On a year-on-year basis, net profit for the quarter under review declined 80 per cent from net profit of ₹182 crore recorded in the same quarter last fiscal.

Total income for the quarter ended June 30, 2021 too declined sequentially by 39 per cent to ₹5943 crore as compared to total income of 9,760 crore in the previous March quarter. However, the total income for the quarter under review was up 7.7 per cent as compared to total income of ₹ 5,517 crore in same quarter last fiscal.

MFSL’s sole operating subsidiary, Max Life registered a 32 per cent jump in new business premium (on APE basis) to ₹875 crore during the quarter under review from ₹661 crore in the year-ago period.

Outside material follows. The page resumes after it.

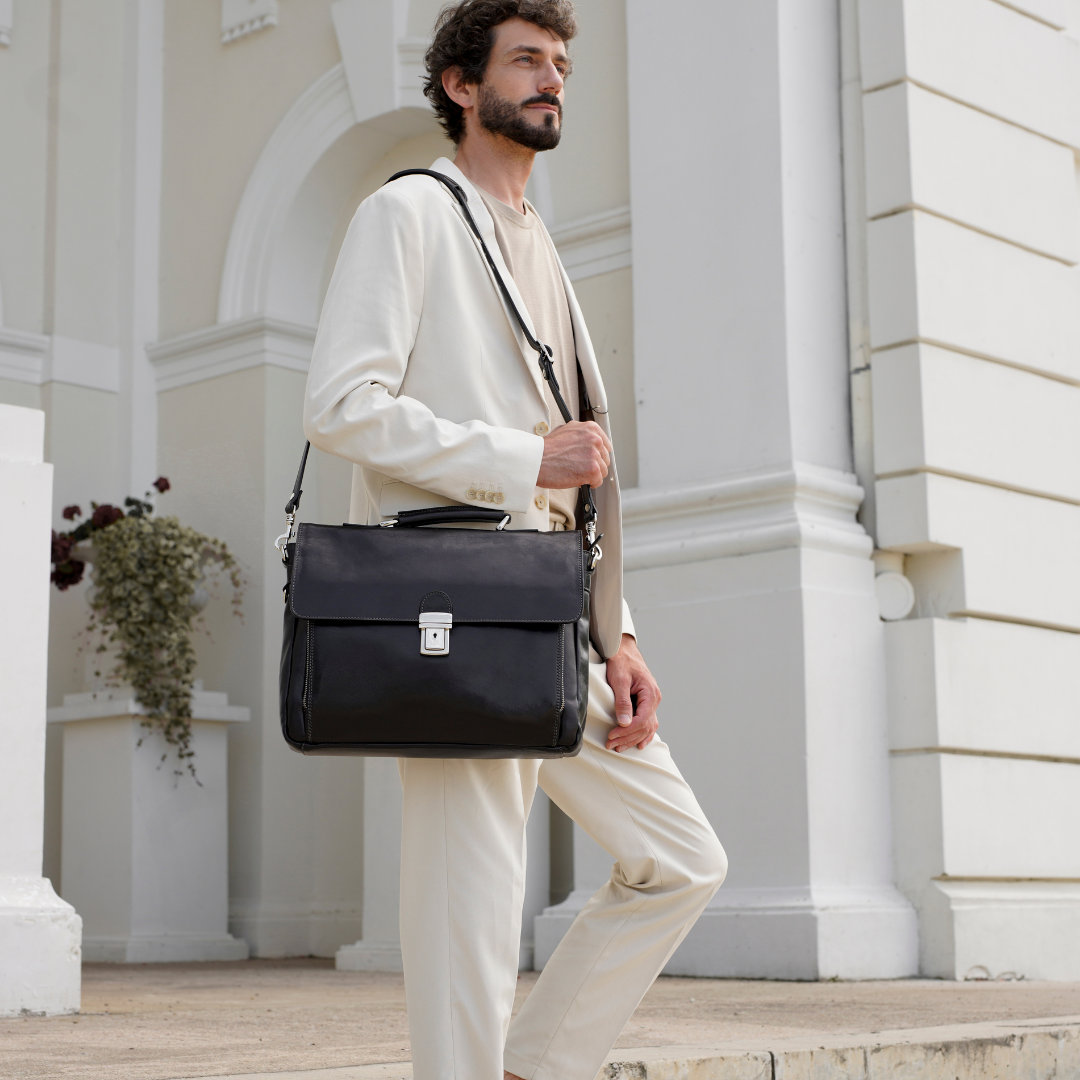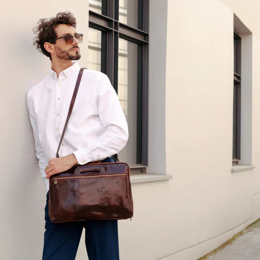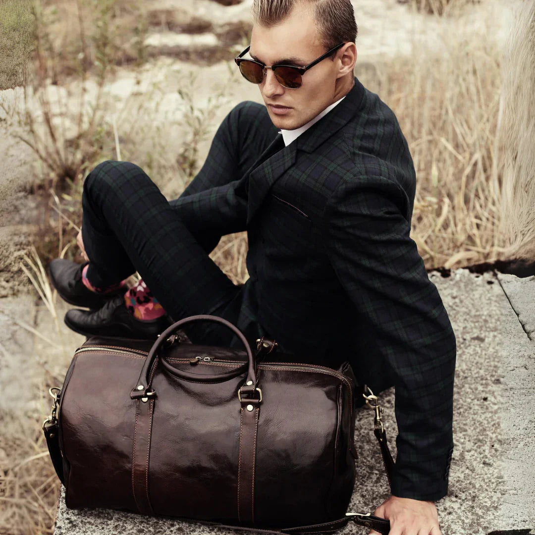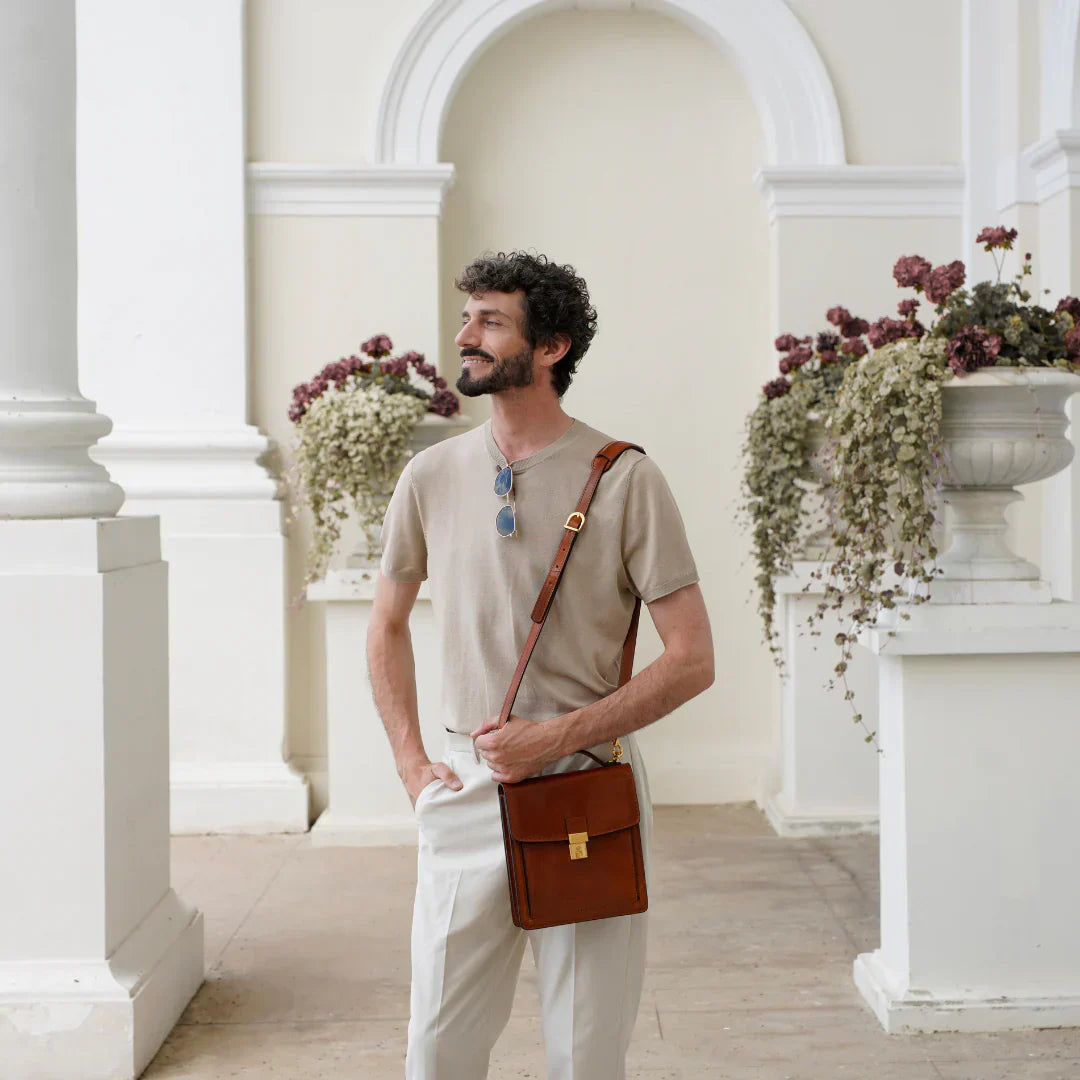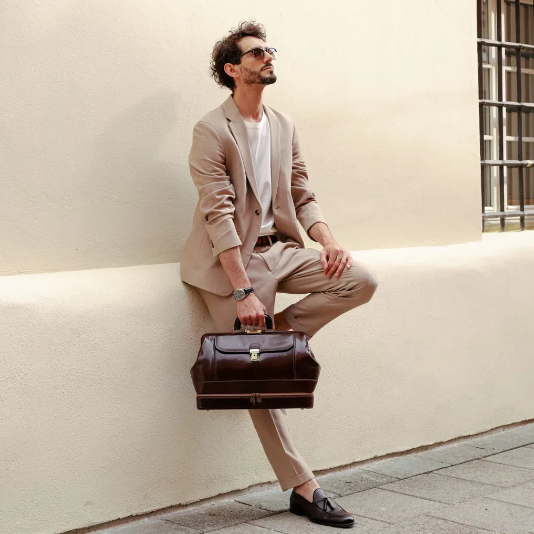 This spring, we invite you to experience a new kind of love: a love between you and your bag. Our latest photoshoot is a tribute to this special bond that transcends time and space. Our leather bags are more than just accessories. They are companions, confidants, and soulmates. They reflect your inner beauty and express your outer style. They are with you through thick and thin, through joy and sorrow, through work and play. They are the ones who make you feel alive and complete. Our photoshoot captures the magic of spring: the freshness of the air, the warmth of the sun, the vibrancy of the city. The model is a vision of elegance and charm, wearing a suit that matches his bags and his mood. The background is a stunning contrast of light and dark, with subtle touches of modernity and history. The photoshoot is a romance between you and your bag. It shows that you don’t need anyone else to make you happy. You just need yourself and your bag. So go ahead and indulge in a spring fling with our leather bags.

Further, the renewal premium income (including group) rose 21 per cent to ₹2,244 crore, taking the gross written premium to ₹3,484 crore, a spurt of 27 per cent over the first quarter of the previous financial year.

Mohit Talwar, Managing Director, Max Financial Services, said in a statement “Strong focus towards customer measures has helped deliver superior performance across health parameters and will continue to remain an important priority due to the impact of the second wave of the Covid-19.”

“Our partnership with Axis Bank after the conclusion of the deal in April and the longstanding assurance with YES Bank helped partnership channels grow 52% in the first quarter of FY22”, he added.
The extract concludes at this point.